__Data below__
☆ ☆ ☆
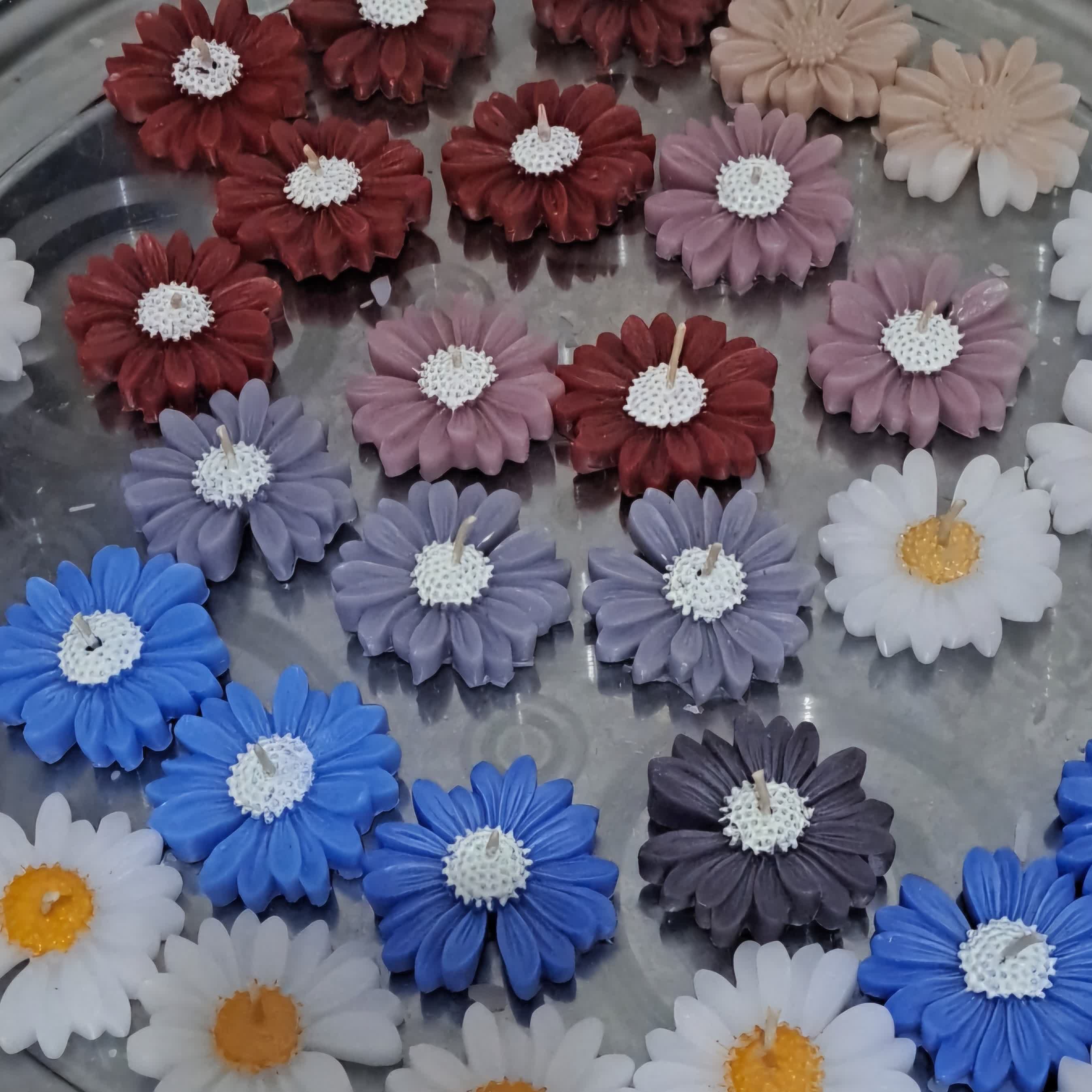 شمع بابونه در رنگ های متنوع به صورت تکی و عمده قابل سفارش هست مناسب برای مصارف خانگی وگیفت هدیه در جشن ها و تبلیغات یک هدیه به یاد ماندنی با کمترین هزینه هنگام سفارش نوع بسته بندی ذکر کنید
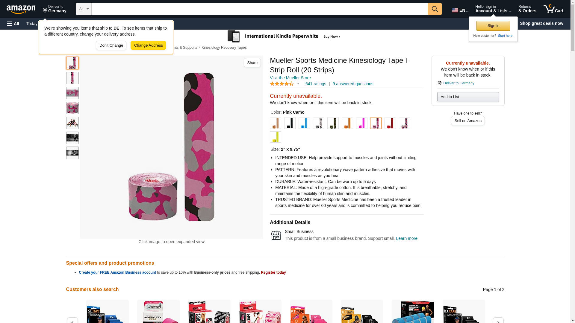 Mueller Sports Medicine Kinesiology Tape I-Strip Roll (20 Strips), Pink Camo, 2" x 9.75"
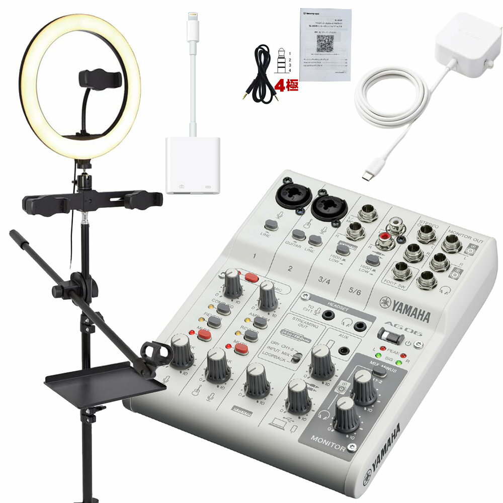 YAMAHA AG06mk2 W (リングライト付きマイクスタンド+iPhone接続ケーブルセット) オリジナルマニュアル付き
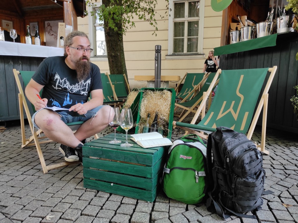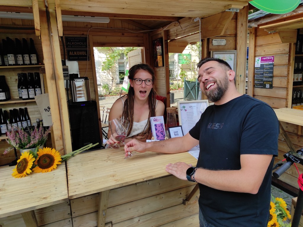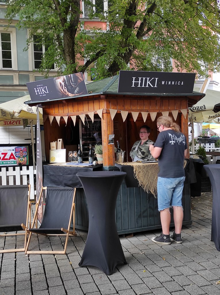 Zdecydowanie mniejszy kontakt mieliśmy z innymi uczestnikami imprezy. Tak jak w poprzednich latach, aż do późnych godzin popołudniowych na Winobraniu nie było tłumów. Goście pojawiali się raczej pojedynczo, czasami widać było członków jakiejś zorganizowanej wycieczki. Chociaż wiele osób było tu specjalnie dla lubuskiego wina, to jednak dosyć często dało się też słyszeć zaskoczenie obecnością miejscowych winiarzy. Niestety, o ile w roku poprzednim uznaliśmy, że podejście ludzi do wina powoli się zmienia, to podczas tegorocznej edycji wszystko wróciło do „normy”. Znaczna część odwiedzających podchodziła do budek z dziwnym lękiem lub przynajmniej rezerwą. Zachęcani przez winiarzy do darmowej degustacji, często rezygnowali z niej w ogóle i wycofywali się rakiem. Ten nabożny lęk przed winem pozostaje dla mnie zupełnie niezrozumiały. Ponownie też masowo pojawiło się, znane nam z sezonu 2021, pytanie o „słodkie wineczko” czy wspomniane wcześniej „wino czekoladowe”. Mniej w tym roku widziałem także osób, które sporządzały podczas degustacji notatki lub dyskutowały z wystawcami na temat technikaliów (przypominam, że spędziliśmy w tym roku znacznie więcej czasu bezpośrednio przy stoiskach wystawców). Zastanawiam się czy część z tej bardziej świadomej grupy nie porzuciła Winobrania dla Dni Otwartych Piwnic Winiarskich czy organizowanych w Krośnie Odrzańskim Muśniętych. Od czasu do czasu na Starym Rynku pojawiał się ktoś, kto przechodząc postanowił kupić butelkę czy dwie. Większość z tych osób mniej lub bardziej wiedziała czego szuka, zwykle padały pytania o znane już etykiety lub też takie polecone przez kogoś znajomego.
☆ ☆ ☆
__About this task__
Begin at the line with "Mueller Sports Medicine" and end at the last line of the data above. Reproduce those lines exactly, but not the pictures.

__Answer to the exercise__
 Mueller Sports Medicine Kinesiology Tape I-Strip Roll (20 Strips), Pink Camo, 2" x 9.75"
 YAMAHA AG06mk2 W (リングライト付きマイクスタンド+iPhone接続ケーブルセット) オリジナルマニュアル付き
 Zdecydowanie mniejszy kontakt mieliśmy z innymi uczestnikami imprezy. Tak jak w poprzednich latach, aż do późnych godzin popołudniowych na Winobraniu nie było tłumów. Goście pojawiali się raczej pojedynczo, czasami widać było członków jakiejś zorganizowanej wycieczki. Chociaż wiele osób było tu specjalnie dla lubuskiego wina, to jednak dosyć często dało się też słyszeć zaskoczenie obecnością miejscowych winiarzy. Niestety, o ile w roku poprzednim uznaliśmy, że podejście ludzi do wina powoli się zmienia, to podczas tegorocznej edycji wszystko wróciło do „normy”. Znaczna część odwiedzających podchodziła do budek z dziwnym lękiem lub przynajmniej rezerwą. Zachęcani przez winiarzy do darmowej degustacji, często rezygnowali z niej w ogóle i wycofywali się rakiem. Ten nabożny lęk przed winem pozostaje dla mnie zupełnie niezrozumiały. Ponownie też masowo pojawiło się, znane nam z sezonu 2021, pytanie o „słodkie wineczko” czy wspomniane wcześniej „wino czekoladowe”. Mniej w tym roku widziałem także osób, które sporządzały podczas degustacji notatki lub dyskutowały z wystawcami na temat technikaliów (przypominam, że spędziliśmy w tym roku znacznie więcej czasu bezpośrednio przy stoiskach wystawców). Zastanawiam się czy część z tej bardziej świadomej grupy nie porzuciła Winobrania dla Dni Otwartych Piwnic Winiarskich czy organizowanych w Krośnie Odrzańskim Muśniętych. Od czasu do czasu na Starym Rynku pojawiał się ktoś, kto przechodząc postanowił kupić butelkę czy dwie. Większość z tych osób mniej lub bardziej wiedziała czego szuka, zwykle padały pytania o znane już etykiety lub też takie polecone przez kogoś znajomego.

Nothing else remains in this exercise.